Print out each entry below exactly; do not carry over any image.

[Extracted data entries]
● ● ●
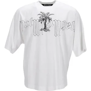 Oversized T-shirt met Palm Angels-logo in wit katoen
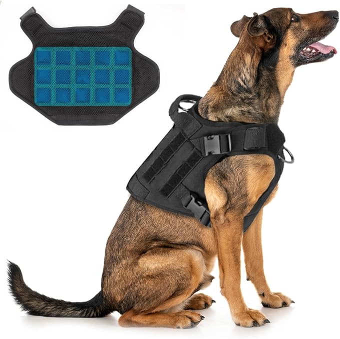 Tactical Dog Cooling Harness Vest with Gel Ice Packs, No Pull Cooling Vest for Summer, Dog Harness with Handle, Adjustable Dog Vest Harness for Summer Walking Hiking Training (Medium) -
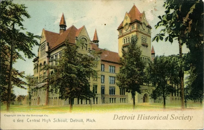 Color postcard depicting Central High School from the corner of W Hancock Street and Cass Avenue.
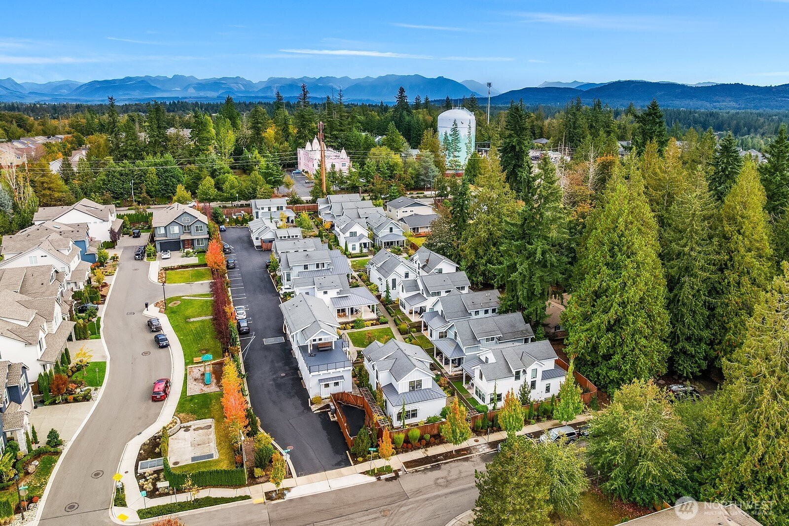 Welcome to charming Sammamish Cottages, in heart of the Plateau. Enjoy privacy of a single family home w/simplicity of condo living. Covered front porch opens to light filled living room w/gas fireplace. Open-concept kitchen featuring quartz countertops, SS appliances, large island w/bar seating, walk-in pantry & dining nook. Main floor includes bedroom/home office w/a 3/4 bath. Upstairs find 2 spacious bedrooms w/vaulted ceilings; including a primary suite w/walk-in closet & gorgeous ensuite. Full size W/D for convenience. A/C for year-round-comfort. Dedicated detached garage plus one uncovered parking stall. Low HOA Dues. Inviting community clubhouse to host events. Top rated Issaquah School District. Minutes from YMCA, Library, City Hall
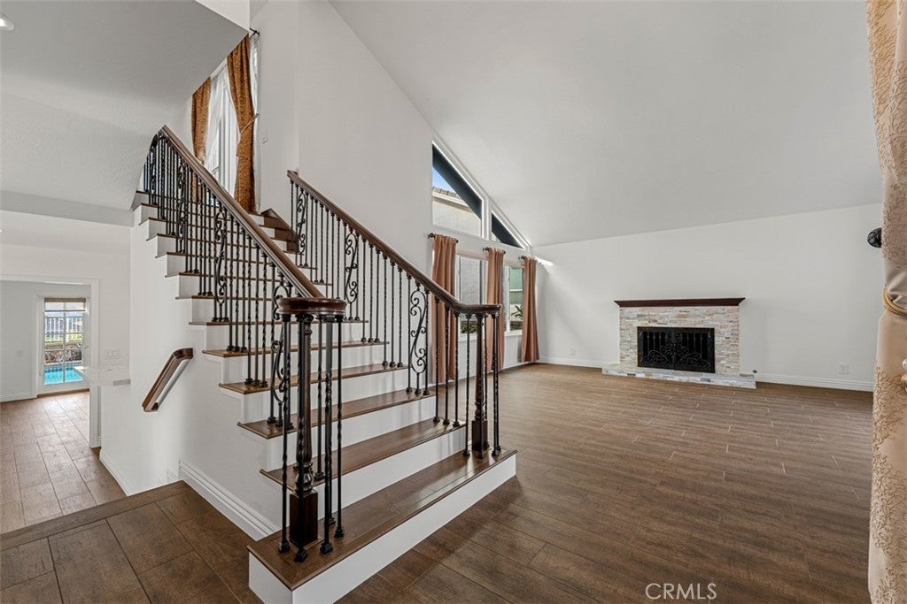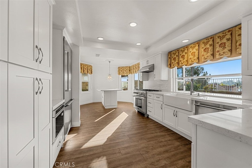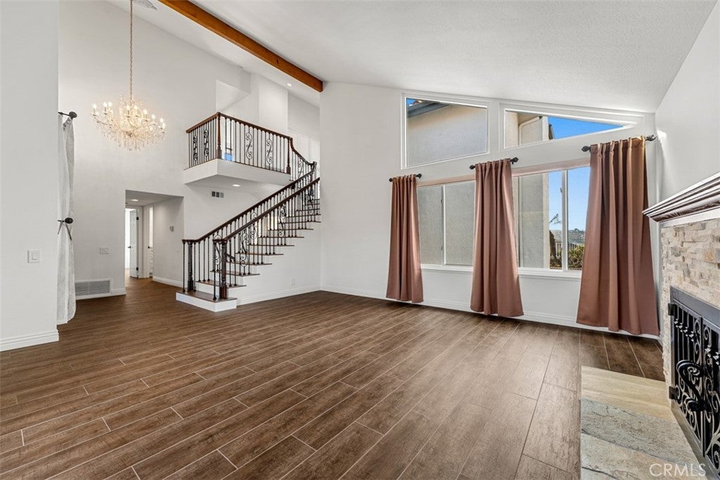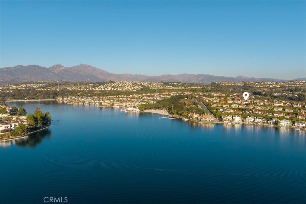 Beautiful mediterranean home over looking Lake Mission Viejo. Home is completely turn key. The exterior stucco with red tile roof and landscaping welcomes you into a home on a hillside with plenty of character with natural materials. Expansive windows with views, stone fireplaces, stunning staircase, high end kitchen, breakfast area, formal living room, wet bar, dining room, family room, separate large bonus/media room, laundry room, first floor bedroom, vaulted ceilings, master bedroom with balcony and view of the lake and mountains. The back yard with sweeping views of the lake, fountain, pool and spa. Three car garage. Access to private beach.
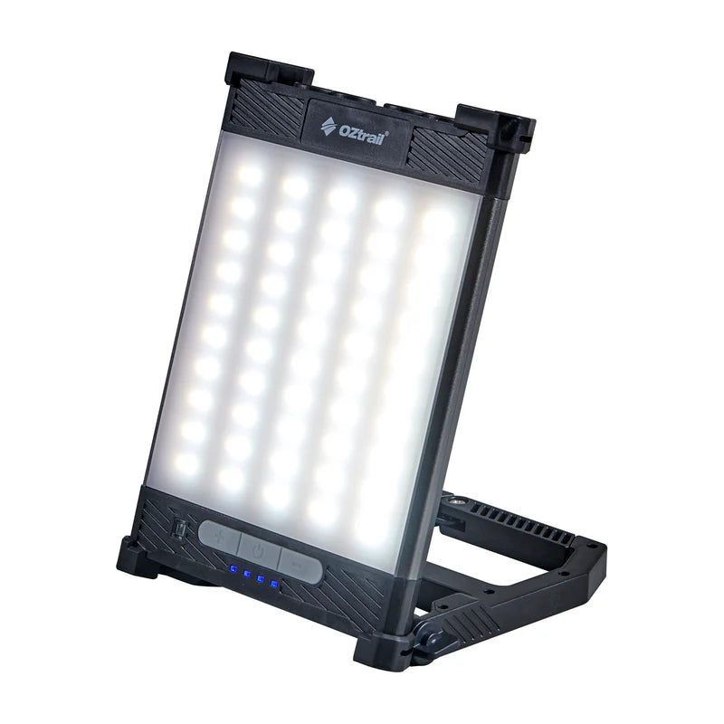 Built for the wild and the workday, this heavy-duty Lumos Panel 1600 light is your go-to for lighting up campsites, worksites, or remote 4WD setups. Its smart design offers three mounting options - stand, hang, or magnet - so you can set it up wherever light is needed most. A 180° pivoting stand gives you complete control over beam direction, with up to 1600-lumens of of dimmable light ensuring maximum visibility. Switch between cold white (6500K), warm white (4000K), or cool/warm (3000K) light to suit the task or setting. Engineered with tough aluminium and ABS housing, it’s ready to handle knocks, bumps, and dust. With a powerful 20,000mAh lithium battery delivering up to 125 hours of runtime, plus powerbank functionality for charging your gear on the go, it’s the ultimate lighting solution for serious outdoor use.
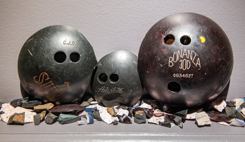 Lewiston’s Maine MILL — Museum of Innovation, Learning and Labor — has collected roughly 2,000 items from both sites where 18 people lost their lives, according to Maine MILL Executive Director Rachel Ferrante. Pieces in the collection were either left outside the buildings or were items discarded by the businesses. The bowling and billiard balls were among those items collected.
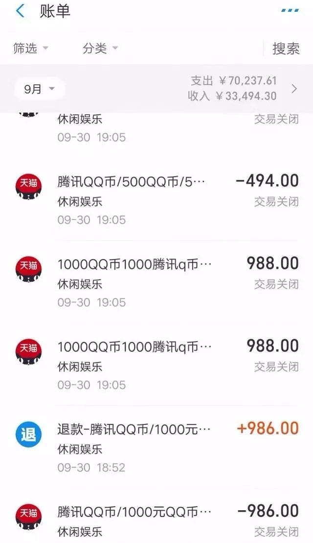 记者从庞先生提供的支出账单中看到,各项支出的交易方是vivo智能手机和各种网游专冲网店,主要用于购买腾讯Q币、“五色石”、迷你币、信用点等网络虚拟用品。金额也从0.99元到988元不等,其中,九百多元的支出占三分之二。
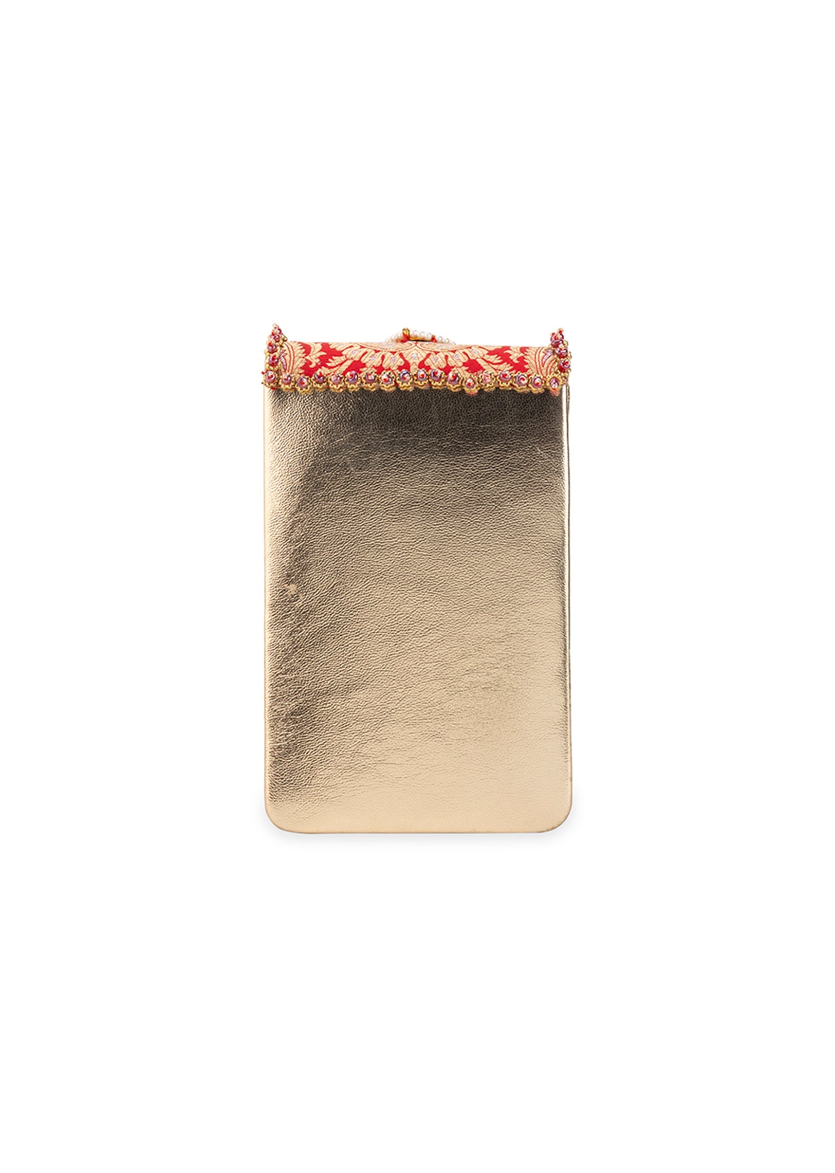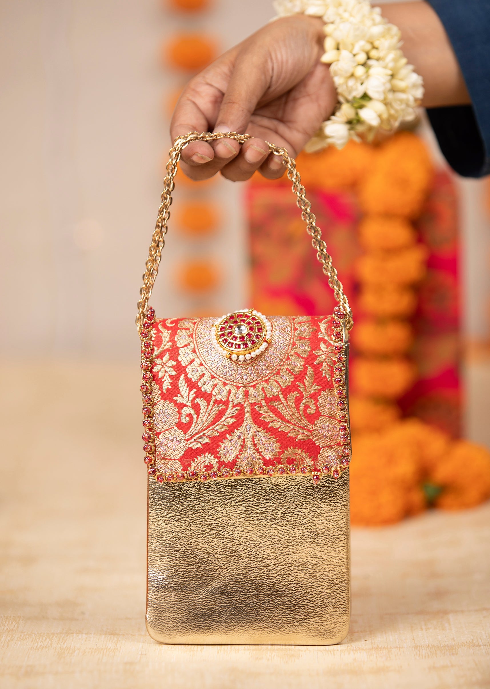 Elevate your festive style with this red and gold flap bag, featuring intricate golden brocade detailing that adds a rich, regal touch. The silk brocade blend and embellished accents create a luxurious finish perfect for weddings, sangeets, and grand celebrations. Compact yet striking, it’s a sophisticated accessory that instantly enhances any ethnic ensemble. Awarded as the Most Trusted Brand, we're delivering styles you love, just as promised.
● ● ●
## Exercise answer
 Oversized T-shirt met Palm Angels-logo in wit katoen
 Tactical Dog Cooling Harness Vest with Gel Ice Packs, No Pull Cooling Vest for Summer, Dog Harness with Handle, Adjustable Dog Vest Harness for Summer Walking Hiking Training (Medium) -
 Color postcard depicting Central High School from the corner of W Hancock Street and Cass Avenue.
 Welcome to charming Sammamish Cottages, in heart of the Plateau. Enjoy privacy of a single family home w/simplicity of condo living. Covered front porch opens to light filled living room w/gas fireplace. Open-concept kitchen featuring quartz countertops, SS appliances, large island w/bar seating, walk-in pantry & dining nook. Main floor includes bedroom/home office w/a 3/4 bath. Upstairs find 2 spacious bedrooms w/vaulted ceilings; including a primary suite w/walk-in closet & gorgeous ensuite. Full size W/D for convenience. A/C for year-round-comfort. Dedicated detached garage plus one uncovered parking stall. Low HOA Dues. Inviting community clubhouse to host events. Top rated Issaquah School District. Minutes from YMCA, Library, City Hall
 Beautiful mediterranean home over looking Lake Mission Viejo. Home is completely turn key. The exterior stucco with red tile roof and landscaping welcomes you into a home on a hillside with plenty of character with natural materials. Expansive windows with views, stone fireplaces, stunning staircase, high end kitchen, breakfast area, formal living room, wet bar, dining room, family room, separate large bonus/media room, laundry room, first floor bedroom, vaulted ceilings, master bedroom with balcony and view of the lake and mountains. The back yard with sweeping views of the lake, fountain, pool and spa. Three car garage. Access to private beach.
 Built for the wild and the workday, this heavy-duty Lumos Panel 1600 light is your go-to for lighting up campsites, worksites, or remote 4WD setups. Its smart design offers three mounting options - stand, hang, or magnet - so you can set it up wherever light is needed most. A 180° pivoting stand gives you complete control over beam direction, with up to 1600-lumens of of dimmable light ensuring maximum visibility. Switch between cold white (6500K), warm white (4000K), or cool/warm (3000K) light to suit the task or setting. Engineered with tough aluminium and ABS housing, it’s ready to handle knocks, bumps, and dust. With a powerful 20,000mAh lithium battery delivering up to 125 hours of runtime, plus powerbank functionality for charging your gear on the go, it’s the ultimate lighting solution for serious outdoor use.
 Lewiston’s Maine MILL — Museum of Innovation, Learning and Labor — has collected roughly 2,000 items from both sites where 18 people lost their lives, according to Maine MILL Executive Director Rachel Ferrante. Pieces in the collection were either left outside the buildings or were items discarded by the businesses. The bowling and billiard balls were among those items collected.
 记者从庞先生提供的支出账单中看到,各项支出的交易方是vivo智能手机和各种网游专冲网店,主要用于购买腾讯Q币、“五色石”、迷你币、信用点等网络虚拟用品。金额也从0.99元到988元不等,其中,九百多元的支出占三分之二。
 Elevate your festive style with this red and gold flap bag, featuring intricate golden brocade detailing that adds a rich, regal touch. The silk brocade blend and embellished accents create a luxurious finish perfect for weddings, sangeets, and grand celebrations. Compact yet striking, it’s a sophisticated accessory that instantly enhances any ethnic ensemble. Awarded as the Most Trusted Brand, we're delivering styles you love, just as promised.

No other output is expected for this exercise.